Lebanese officials “will not investigate it, and God willing, we will receive an answer soon,” Sheikh Ahmed said.

“Lebanon is an arena of hope for everyone, not an arena of aggression. We demanded that Lebanon not be a platform for any verbal or real aggression. It should be a shining element and a special icon in the Arab Levant and there is no tendency to interfere in the affairs of Lebanon,” the minister added.

Lebanese Foreign Minister Abdallah Bou Habib will visit Kuwait at the end of the month, Sheikh Ahmed said.

Miqati was also invited to visit the oil-rich emirate, he added, without specifying a date.

Sheikh Ahmed’s visit is the first by a senior Gulf official to Beirut since an unprecedented diplomatic row between Lebanon and Saudi Arabia and its neighbors erupted in October.

The crisis was sparked by televised remarks by Lebanese Information Minister George Kordahi in which he called the war in Yemen futile and an assault on the Saudi-led coalition.

Following Kordahi’s comments, the kingdom recalled its ambassador from Beirut and banned all Lebanese imports, affecting hundreds of businesses and cutting off hundreds of millions of foreign currency from Lebanon. Several Arab countries have followed in Saudi Arabia’s footsteps.

Kordahi, who made his comments before taking office, resigned in December but the move did not lead to an improvement in relations between the two sides.

The crisis goes deeper than Kordahi’s comments aired in late October.
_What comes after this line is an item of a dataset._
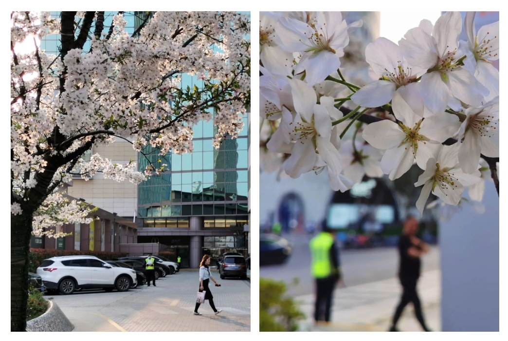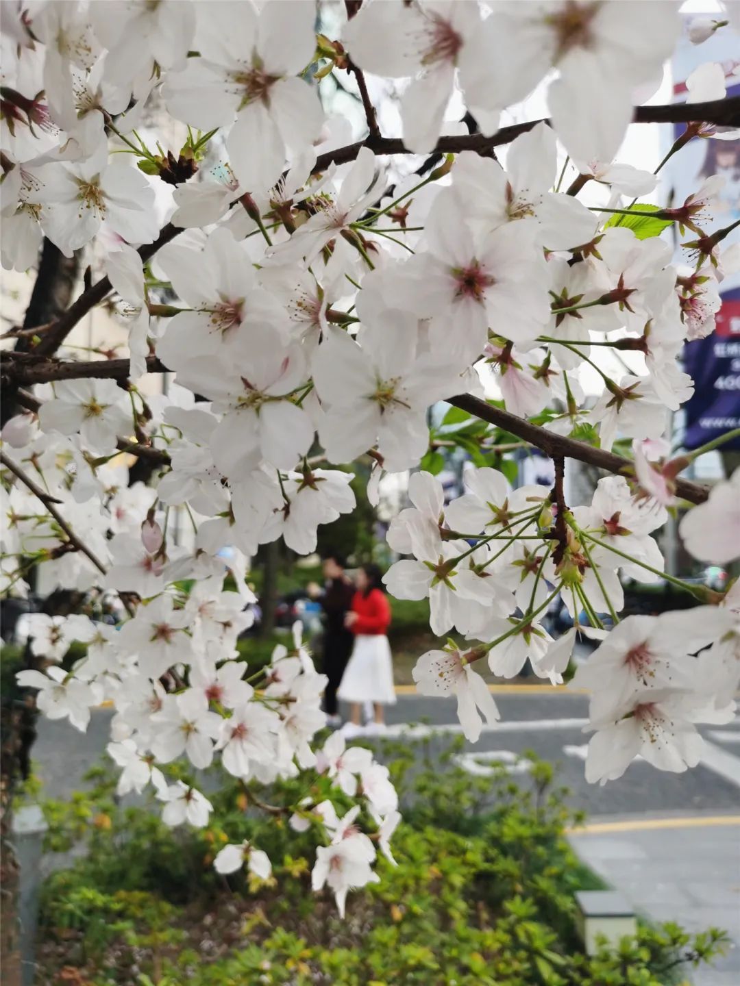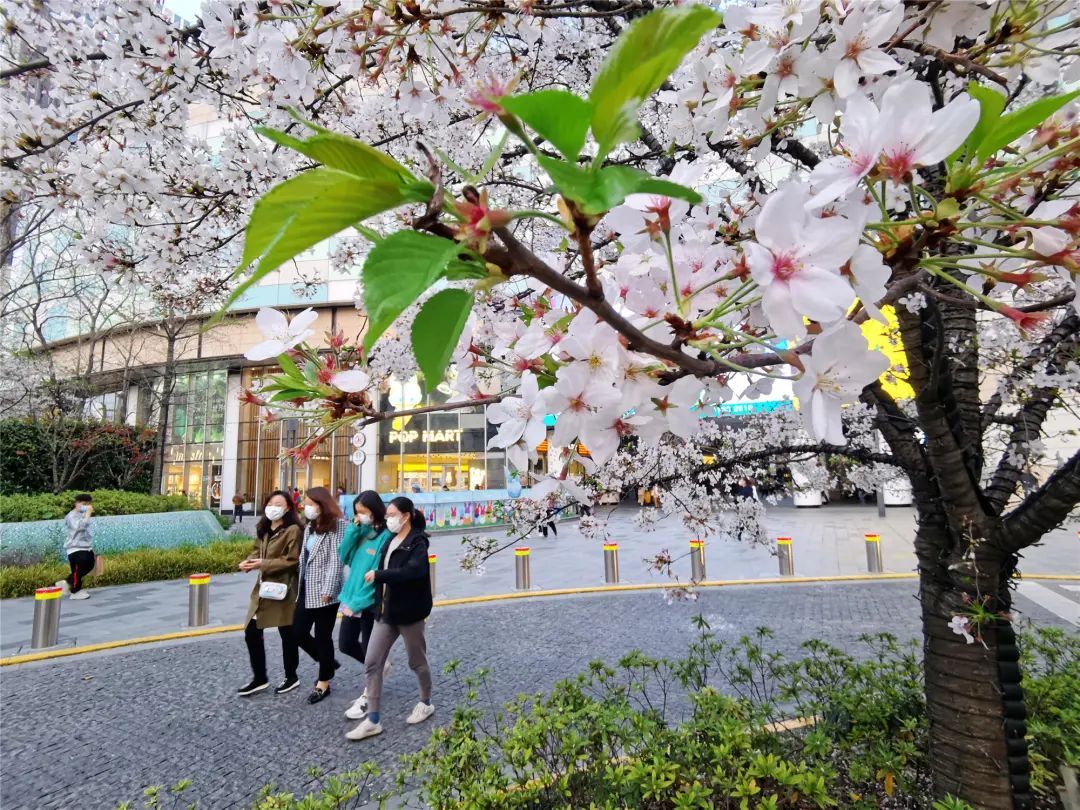或独自盛开,或一起绚烂,朵朵樱花散发着浪漫又温馨的气息,让繁华的中心城区也尽显温柔。
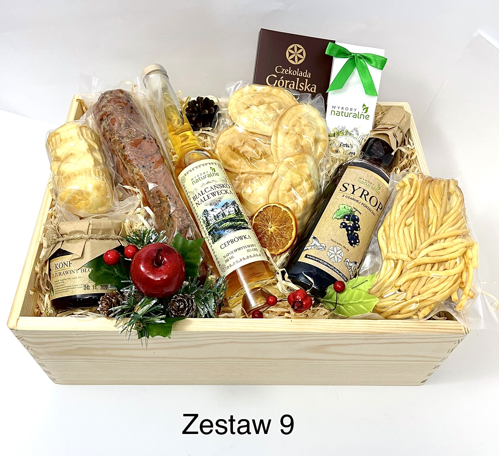 • Skrzynka Drewniana, wypełnienie, dodatki, folia celofanowa, wstążka

It is rooted in Saudi Arabia’s unease with Iran’s growing influence in the region, including in Lebanon, once a traditional Saudi ally and recipient of financial aid from the oil-rich kingdom.

Sheikh Ahmed told reporters after meeting Miqati that his visit to Beirut was part of international efforts for confidence-building measures with Lebanon.

He added that such confidence-building measures do not happen “overnight, but should be the result of tangible measures felt by all parties.” He added that on this basis “things will move forward”.

The Kuwaiti official said he handed over the demands to Miqati and his Lebanese counterpart Bou Habib and “now the brothers in Lebanon should study them and know how to handle these issues and move forward.” He declined to specify what the demands are.

In the weeks following Kordahi’s resignation, tensions between Hezbollah and Saudi Arabia continued to mount.

At the end of December, King Salman of Saudi Arabia called on the Lebanese in a speech “to put an end to the control of the terrorist Hezbollah” over Lebanon.

In early January, Hezbollah leader Sayyed Hassan Nasrallah launched a verbal attack on the kingdom, accusing Riyadh of spreading hardline Islamic ideology.

A few days later, several Saudi Shia opposition figures held a conference at a Hezbollah stronghold on the outskirts of Beirut during which they criticized the kingdom.

Sheikh Ahmed said that for the initiative to succeed, there should be no interference in the internal affairs of Arab countries in general, and in particular the Gulf states. Lebanon must “not be used as a springboard for oral or active aggression against a country”, he added.

Miqati’s office said the prime minister told the Kuwaiti guest that Beirut wants excellent relations with all Gulf states.